For those who need to think in terms of money, here is a paper on ecosystem service pricing By Constanza et. al (2014)

" ... the estimate for the total global ecosystem services in 2011 is $125 trillion/yr (assuming updated unit
values and changes to biome areas) and $145 trillion/yr (assuming only unit values changed), both in
2007 $US. From this we estimated the loss of eco-services from 1997 to 2011 due to land use change at
$4.3–20.2 trillion/yr ..."

They backpedal a bit:

"We emphasize that valuation of ecoservices (in whatever units) is not the same as commodification or privatization.
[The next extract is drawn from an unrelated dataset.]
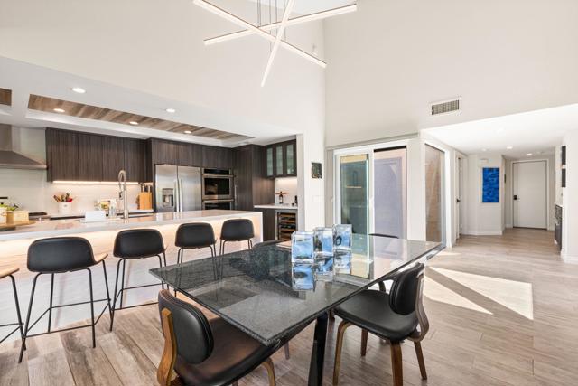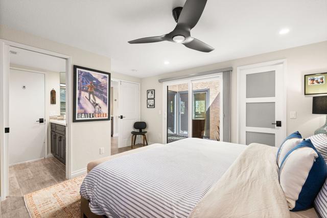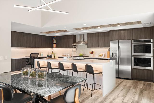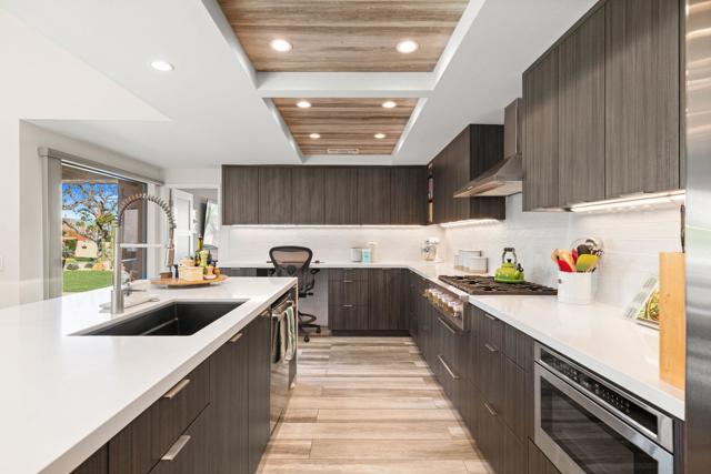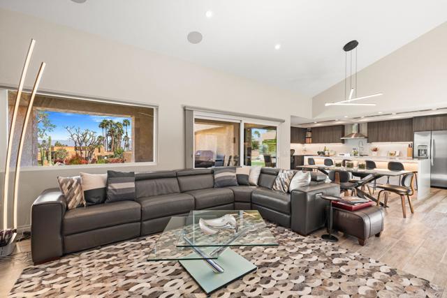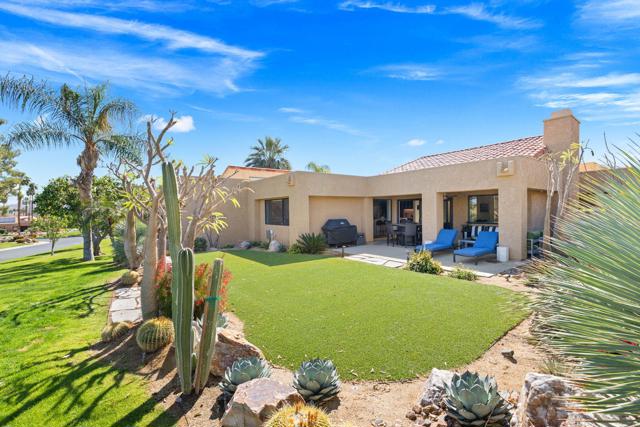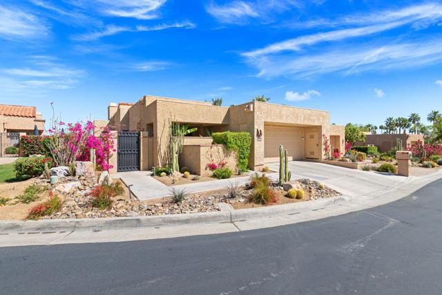 Beautifully remodeled and expanded to include 3-bedrooms and 2-baths. Located on elevated site of a private cul-de-sac street. Tile flooring throughout. Glass windows and sliders were replaced in 2024. The Upgraded and redesigned kitchen is open to dining room / living room area with fireplace. Silestone counters, custom cabinetry GE Profile refrigerator, SubZero wine fridge, GE Monogram double ovens, and 6-burner gas stovetop. Bedrooms and baths are also updated. with Tile showers. Main bedroom has custom shade structure installed on the private patio. LED lighting, smart switches and kitchen under cabinet lighting, Double attached garage with laundry, storage cabinets ad epoxy floor. Gas BBQ on patio area. The yard area has been extended and professionally landscaped to enhance the outdoor experience. 20-owned Solar Panels and new main electrical panel. This home is move-in ready in a private view setting located near 2-HOA pools/spas. Ironwood memberships are available for golf, tennis, fitness & dining.

Many eco-services are best considered public goods or common pool resources, so conventional markets are often not the best institutional frameworks to manage them."
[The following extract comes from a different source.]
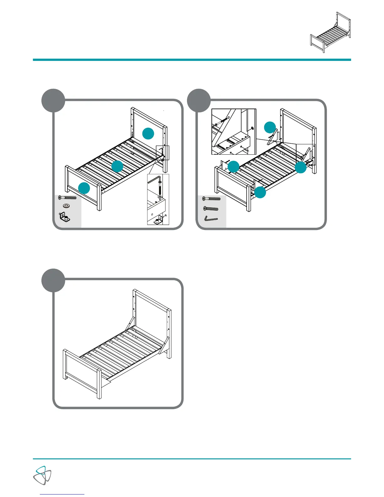 Tutti Bambini Modena - Assembling into Bed; Step 1: Assemble Mattress Supports; Step 2: Assemble Triangle Braces Support

But then fall right back in the hole:

"However, these services must be (and are being) valued, and we need new, common asset institutions to better take these values into account."

In the body of the paper :

"Some have argued that estimating the global value of ecosystem services is meaningless, because if we lost all ecosystem services human life would end, so their value must be infinite ..."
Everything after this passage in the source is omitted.